Goal
We standing up a low volume site, where users (browser client) will select image files (284 KB per file) and then request a Node Express Server to bundle them into a ZIP for download to the web client.
Issues & Design Constraints
- The resultant ZIP might be on the order of 50 MB - 5 GB. Therefore we would like to give the user a running progress bar while the ZIP is being constructed. (We assume the browser will give running updates as to the progress of the actual download).
- While we expect low volume of requests (1-2 request at a time). However, we do not want to completely tie up our 4 core server processor, so we want to minimize synchronous calls that tie up the express server.
- Given the size of the ZIP, we cannot expect the zip to be assembled only in memory
- Is there any other issues we should worry about?
Question
We assume that running 7zip as a child process is bad, since we would not get any running status as to how many of the 258KB files had been added to the ZIP.

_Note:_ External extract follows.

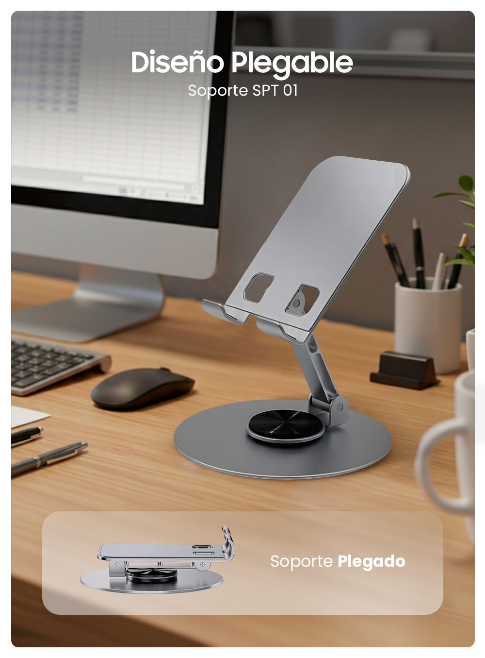 Sí, el brazo del soporte es ajustable y permite rotación de 360° para adaptar el ángulo según tu necesidad.
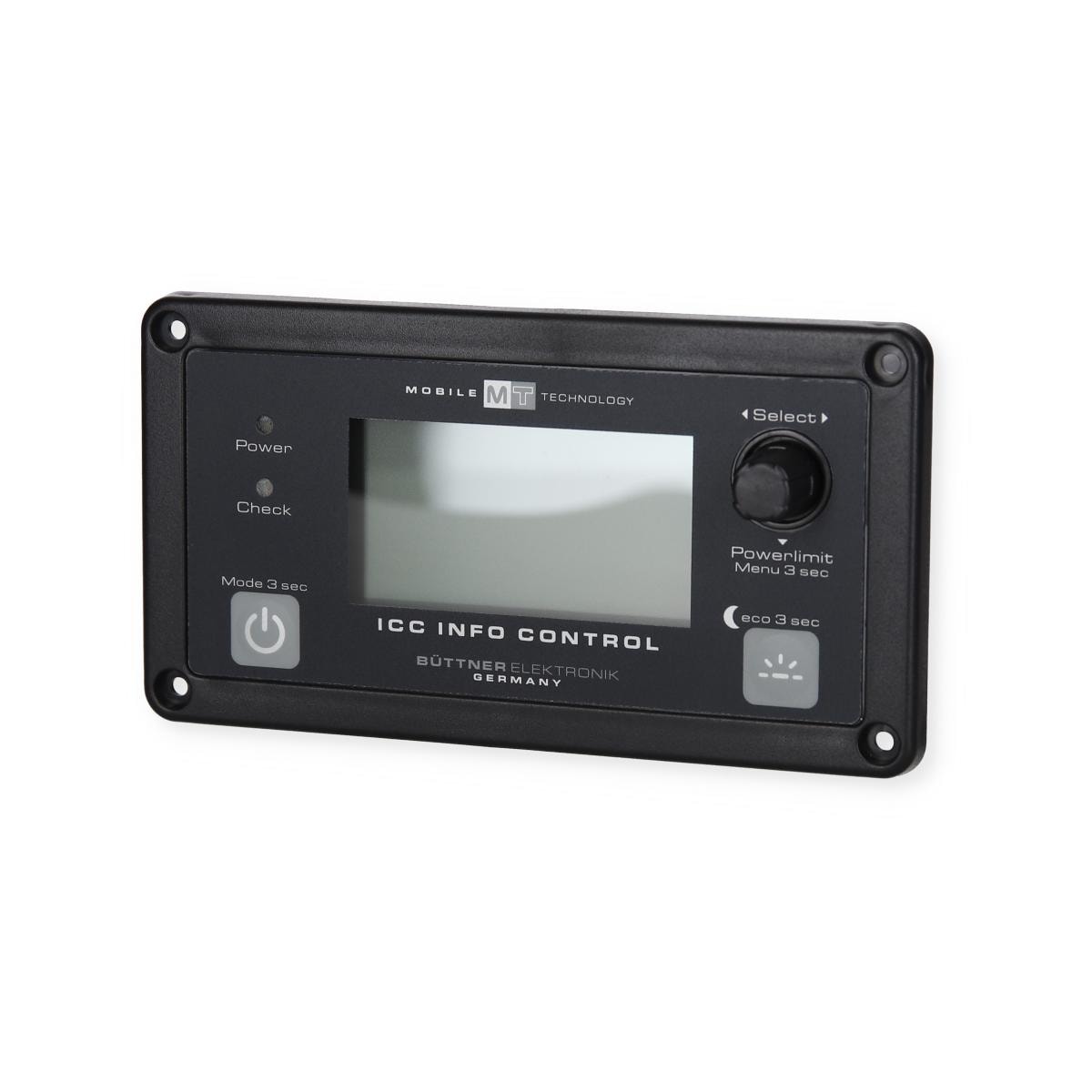 Das digitale Einbau-Bedienteil für die Innenraum-Überwachung der Wechselrichter/Lade-Kombination ICC 1600 und ICC 3000 mit vielen Einstellmöglichkeiten. Im Display wird Ladestrom, Spannung, Batterietemperatur und die momentane Ladesituation angezeigt. Je nach Betriebsmodus kann der angeschlossene ICC dann auch Ein/Aus geschaltet bzw. in den Nacht- oder Eco-Modus versetzt werden. Des Weiteren ist es möglich, die Eingangsstrom-Begrenzung an die vorhandene Absicherung des 230 V-Netzeingangs vom Innenraum…

So which of the following packages are very Node/ExpressJS friendly packages given the design constraints/goals listed above?
- archiver: https://www.npmjs.com/package/archiver
- jszip: https://www.npmjs.com/package/jszip
- easyzip: https://www.npmjs.com/package/easy-zip
- expresszip: https://www.npmjs.com/package/express-zip
- zipstream: https://www.npmjs.com/package/zip-stream
What I am seeing above is that most packages first collect the files, and then finalize them to memory and then pipe them to the http request (probably not good for 5GB of data or am I missing something). Some seem to be able to use disk, but the question will be does one get update events as each file is added?
Others seem to be fully async and I don't see how you would get a running progress value as each file added to the ZIP package.
 
                        
Of the packages listed above. Most were not appropriate
We chose Archiver, since it had most of the features desired:
As for the 7zip solution. We tend not to like reading the entrails of a standard output stream from a spawned child process.